With its aquamarine tiled bar and ceiling-height windows overlooking Blythswood Square, iasg is arguably one of Glasgow’s most instantly recognisable restaurants. 

Housed in the Kimpton Blythswood Square hotel, its chequered floors have over the years been crossed by hundreds of champagne drinkers, oyster lovers and an eclectic mix of celebrity diners. 

Since a rebrand in 2021, Sean Currie has been the man behind a menu bursting with sustainable seafood from roasted North Sea cod to Goan-style Shetland mussel curry. 

The Herald: Pictured: Sean Currie, head chef at iasgPictured: Sean Currie, head chef at iasg (Image: Supplied)

Brought up in the Ayrshire village of Auchinlek, the head chef at iasg has always had a keen interest in cooking and began working in kitchens at a young age before going on to catch the eye of one of Scotland’s most famous restauranteurs. 

“Tom Kitchin was judging at a competition I was at and I got chatting to him afterwards,” Mr Curie said. 

“I moved to Edinburgh to work with him and later got the option to join the team at Castle Terrace. 

“It was one of the best places I’ve ever worked but it was very, very tough. 

“I was there for about a year and a half until I wanted to get back home. 

“My girlfriend was still living in Kilmarnock, so the travelling back and forward had become difficult.” 

 Upon his return, Mr Currie had his first taste of working at what he describes as ‘a staple’ of Glasgow’s food and drink scene, taking up the position of sous chef at the Blythswood’s restaurant. 

The Herald:

He would later go on to work at the Dakota hotel as it opened just a short walk down the road, before moving on to Number 16 on Byres Road, a small restaurant with big culinary credentials and a spot on the Michelin Guide. 

After seven years, an offer from his former head chef and word of a revamped restaurant that would focus solely on seafood was enough to tempt him back to lead the team at iasg.

He said: “The Blythswood is a Glasgow institution, and I knew what it was like to work there from the first time around. 

“It was a big jump to go from an independent restaurant to a large hotel like this. 

“The size of my team doubled which was a steep learning curve, but working as head chef at iasg was a great opportunity. 

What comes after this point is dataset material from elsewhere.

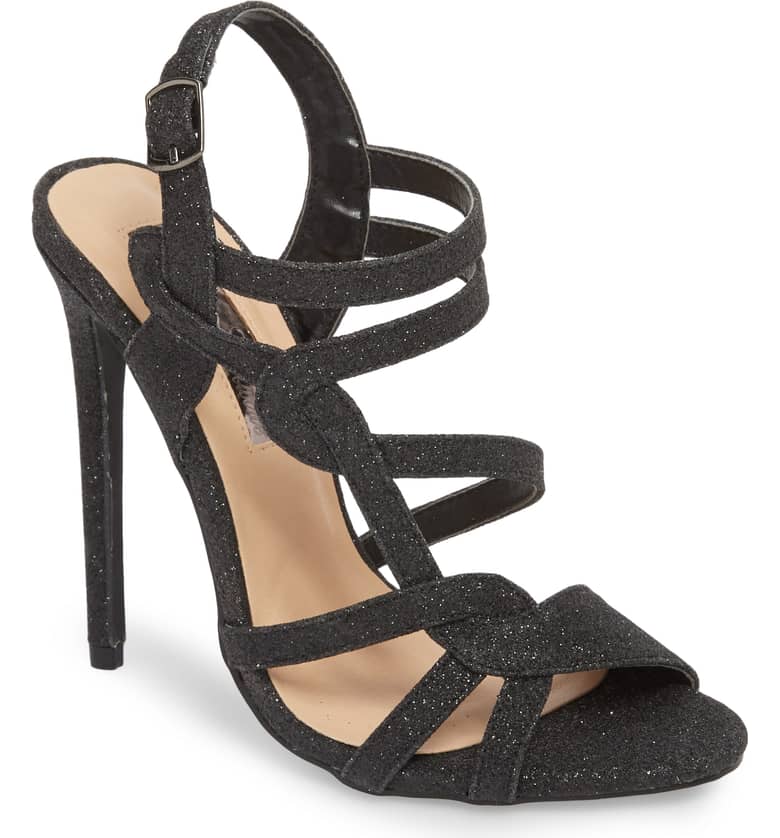 Lauren Lorraine Black Strappy Glittery Gidget Sandal HIgh Heel Formal Pump

“All of the menus are fully designed by me, so I enjoy the chance to get creative with them."

iasg has currently reached the tail end of another busy summer which has seen its tables close to fully booked for months.  

Not one to let the momentum drop, Mr Currie has spoken of plans for new measures which will help to polish their sustainable credentials even further as a new general manager joins the team ahead of the festive season.

He said: “We’re very selective of our produce because sustainable Scottish seafood is important to me. 

“In particular, our customers seem to enjoy our partnership with The Firth Forth Lobster Hatchery. 

“£1 from every bill is donated to them which helps to maintain stock levels. 

“We’re very careful with waste, but you wouldn’t believe how difficult it is to keep track of in such a busy kitchen. 

“We’ve introduced a new system that helps us to monitor whether we’re ordering too much in, over-prepping or getting the portion sizes wrong.” 

The Herald:

Firmly settled into a role which allows him to cook with the best of produce from across Scotland, talk turns to whether Mr Currie has ever felt close to cracking under the pressure of the Blythswood’s glittering reputation. 

“About eight months ago Gordon Ramsay was staying at the hotel and came down to eat,” he said. 

“I don’t get starstruck, but I felt more quiet than usual when I went over to his table after the meal. 

“That was a highlight for me, the pressure to maintain high standards is a huge part of the reason I became a chef. 

“That’s when I’m at my best and I really enjoy it.”